I'm Not Missing
Page 24
I had to push him out of my mind. If there was anything that would make me stop and turn around, it was Nick. I could surrender, for him.
And I couldn’t surrender. Not now. I just had to keep driving.
* * *
After Santa Fe, the landscape changed. The stark, sun-blanched desert became red earth dotted with lush piñon. I rolled down my windows and let the cool air in. Only when I heard it whipping through my car did I notice I’d driven the entire time in silence. No music. Nothing.
It felt right. Silence was right. The world was gigantic here: mesas upon mesas, stretching across the entire horizon. They went on forever. I looked down at Saint Jude, his impassive face. He was unimpressed. But not me.
Eternity, I thought.
I’d driven to eternity in gold heels.
It was so perfect, it was miserable.
19
Alamosa was small and flat. For some reason, I had the idea I’d cross the state line into Colorado and immediately run into a Rocky Mountain. But Alamosa was in a great valley. Like Las Cruces, it was all agriculture. In the far distance the Rockies sloped, green and huge and glorious. I pulled off the highway into a Walmart parking lot. The Walmart was hopping on a Saturday afternoon. For a moment I sat watching people come and go. It felt good to be in the land of the living, even if it was just Walmart.

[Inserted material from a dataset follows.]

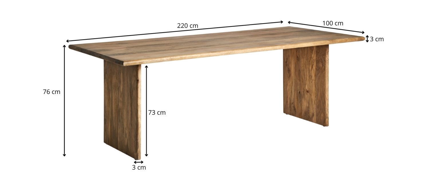 Une table à manger rectangulaire en bois de manguier massif, portée par deux pieds. Le plateau épais révèle de belles nuances dorées et des veinures naturelles, apportant chaleur et caractère à la pièce. Une table pensée pour les repas qui rassemblent et les moments qui comptent. Associez-la à des chaises en tissu ou en cuir pour créer un ensemble harmonieux et accueillant.

I knew the only real way to find Patience’s trailer was using my phone, so I set a rule: when I turned it on, I wouldn’t check to see how many phone calls I’d missed, how many voice mails, how many texts. I’d use the map and nothing else.
But, of course, the second my phone came back to life, I couldn’t resist checking. I saw I had seven missed calls and twenty-two texts. Ugh. That was all I could think. Ugh. I resisted looking to see who’d called and written. I assumed all the messages were from my dad and Nick. Maybe Letty, if my dad had told her what I’d done. I felt heavy again with guilt.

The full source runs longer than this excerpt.